How do we alter consumers’ energy habits?

Date: 19/02/2018

20 council flats in the Danish city of Aarhus are a living lab for a new EU project which will examine how consumers may wilingly alter their energy habits in order to utilise green electricity and heat and gain economic profit.

20 council flats in Aarhus are a living lab for a new EU project.
All though, more and more electricity is produced by solar and wind power, the energy not optimally utilised. The challenge lies in the way electricity and heat is consumed today. Peak loads occur in the energy production, which has a negative effect on the environment because it requires a temporary replacement in energy supply from renewable energy sources to coal and oil.

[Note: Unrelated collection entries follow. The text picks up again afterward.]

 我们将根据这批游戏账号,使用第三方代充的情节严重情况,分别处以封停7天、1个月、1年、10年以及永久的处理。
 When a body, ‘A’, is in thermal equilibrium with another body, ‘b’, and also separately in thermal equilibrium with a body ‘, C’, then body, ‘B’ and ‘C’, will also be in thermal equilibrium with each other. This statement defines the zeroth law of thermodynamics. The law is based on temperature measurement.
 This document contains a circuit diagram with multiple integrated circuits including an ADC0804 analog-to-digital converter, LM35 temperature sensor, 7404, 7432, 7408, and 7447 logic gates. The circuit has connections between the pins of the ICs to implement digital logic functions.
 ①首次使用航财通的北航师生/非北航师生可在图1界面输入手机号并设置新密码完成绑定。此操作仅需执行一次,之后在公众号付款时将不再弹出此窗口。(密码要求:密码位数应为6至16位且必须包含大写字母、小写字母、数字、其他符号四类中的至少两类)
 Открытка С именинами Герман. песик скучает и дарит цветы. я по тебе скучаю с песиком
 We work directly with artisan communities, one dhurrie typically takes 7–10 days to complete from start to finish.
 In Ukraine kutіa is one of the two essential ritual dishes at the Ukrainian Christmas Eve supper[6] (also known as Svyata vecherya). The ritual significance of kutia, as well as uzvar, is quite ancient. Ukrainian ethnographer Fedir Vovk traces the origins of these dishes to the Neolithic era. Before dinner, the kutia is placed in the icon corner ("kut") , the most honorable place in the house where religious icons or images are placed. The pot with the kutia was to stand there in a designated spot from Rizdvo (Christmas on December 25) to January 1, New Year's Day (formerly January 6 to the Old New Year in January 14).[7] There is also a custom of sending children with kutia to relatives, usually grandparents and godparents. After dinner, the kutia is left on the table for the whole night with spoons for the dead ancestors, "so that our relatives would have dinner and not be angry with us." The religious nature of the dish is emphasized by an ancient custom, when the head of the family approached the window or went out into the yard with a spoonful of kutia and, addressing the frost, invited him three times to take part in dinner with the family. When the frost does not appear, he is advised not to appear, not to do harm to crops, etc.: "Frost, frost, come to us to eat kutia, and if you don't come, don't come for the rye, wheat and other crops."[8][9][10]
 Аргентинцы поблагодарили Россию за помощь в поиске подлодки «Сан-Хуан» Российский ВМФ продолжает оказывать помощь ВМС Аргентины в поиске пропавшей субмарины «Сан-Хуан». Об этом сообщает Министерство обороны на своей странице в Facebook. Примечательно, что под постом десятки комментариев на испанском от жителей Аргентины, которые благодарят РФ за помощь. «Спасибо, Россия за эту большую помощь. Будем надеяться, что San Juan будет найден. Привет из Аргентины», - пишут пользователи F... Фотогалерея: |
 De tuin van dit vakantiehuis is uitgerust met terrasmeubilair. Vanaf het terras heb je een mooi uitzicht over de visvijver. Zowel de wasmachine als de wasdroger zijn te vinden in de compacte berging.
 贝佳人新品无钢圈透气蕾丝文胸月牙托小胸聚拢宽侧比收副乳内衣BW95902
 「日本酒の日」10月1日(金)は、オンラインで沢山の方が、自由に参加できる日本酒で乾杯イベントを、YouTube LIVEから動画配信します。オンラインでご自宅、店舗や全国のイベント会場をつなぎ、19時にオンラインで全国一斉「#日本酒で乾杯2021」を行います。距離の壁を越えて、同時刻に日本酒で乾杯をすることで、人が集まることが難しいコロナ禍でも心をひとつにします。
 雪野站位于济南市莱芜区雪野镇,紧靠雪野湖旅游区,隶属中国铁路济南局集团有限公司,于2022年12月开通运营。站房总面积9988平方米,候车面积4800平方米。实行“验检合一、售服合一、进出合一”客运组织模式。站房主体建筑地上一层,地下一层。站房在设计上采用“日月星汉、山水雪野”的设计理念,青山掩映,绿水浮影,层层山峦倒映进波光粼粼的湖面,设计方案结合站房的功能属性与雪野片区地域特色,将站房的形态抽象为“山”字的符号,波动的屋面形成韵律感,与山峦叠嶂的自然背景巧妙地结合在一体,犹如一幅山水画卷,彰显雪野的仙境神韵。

If the energy consumption were to adapt to the production, great environmental profit could be gained from it.

A new EU research project will examine the measures needed for people to willingly postpone their consumption of electricity and heat to another time in the day, where the electricity in their sockets is green.

The project, which has been entitled ‘Respond’, has achieved EU funding of EUR 3 million.

The project’s Danish partners are presented by Aura Counselling (Aura Rådgivning), the housing association Alboa, Aalborg Universitet (Danish Building Research Institute, SBi) and Develco Products. Besides Denmark, researchers and experts in data and human behaviour from the countries of Spain, Ireland, the Czech Republic and Serbia are also involved in the project.

Uniform consumption patterns cause peak loads
Danes’ energy consumption more or less follows the same pattern; from the light is switched on in the morning and many take a shower to the consumption of television or Netflix in the evening before bed.

Because of this, there is basis for an examination of possible initiatives to influence everyday energy habits and shift a part of the consumption away from peak loads.

“Offhand, the prospect of changing one’s behavioral pattern significantly during busy weekdays may seem difficult but changing our routines for when we wash clothes, prepare meals or start the dishwasher is perhaps more realistic. It is not entirely unrealistic to imagine such a change – especially not if economic gain can be made from it”, says energy consultant Lisbet Stryhn Rasmussen from Aura Counselling.

Three test environments
In connection to the project, three living test environments have been established. The twenty council flats from the housing association Alboa in Aarhus is one of them.

The twenty council flats will deliver consumption data to the project. Each flat has been installed with intelligent electricity and heat meters as well as smart thermostats. Though an app, residents can monitor their consumption and receive information about, for instance, humidity and the indoor climate.

“It will be exciting to see how the residents experience the installed products as assistance in their everyday lives. We [Alboa] are also involved in this project in order to achieve the best possible utilisation of the department’s own production of solar power as it may cause economic gain, which will benefit the residents. I look forward to following the families closely during the course of this project”, says Niels Munthe, the Energy Manager at Alboa.

Besides the twenty council flats in Aarhus, tests will also be carried out in a co-operative society on the Aran Islands in Ireland and in a private apartment complex in Madrid, Spain.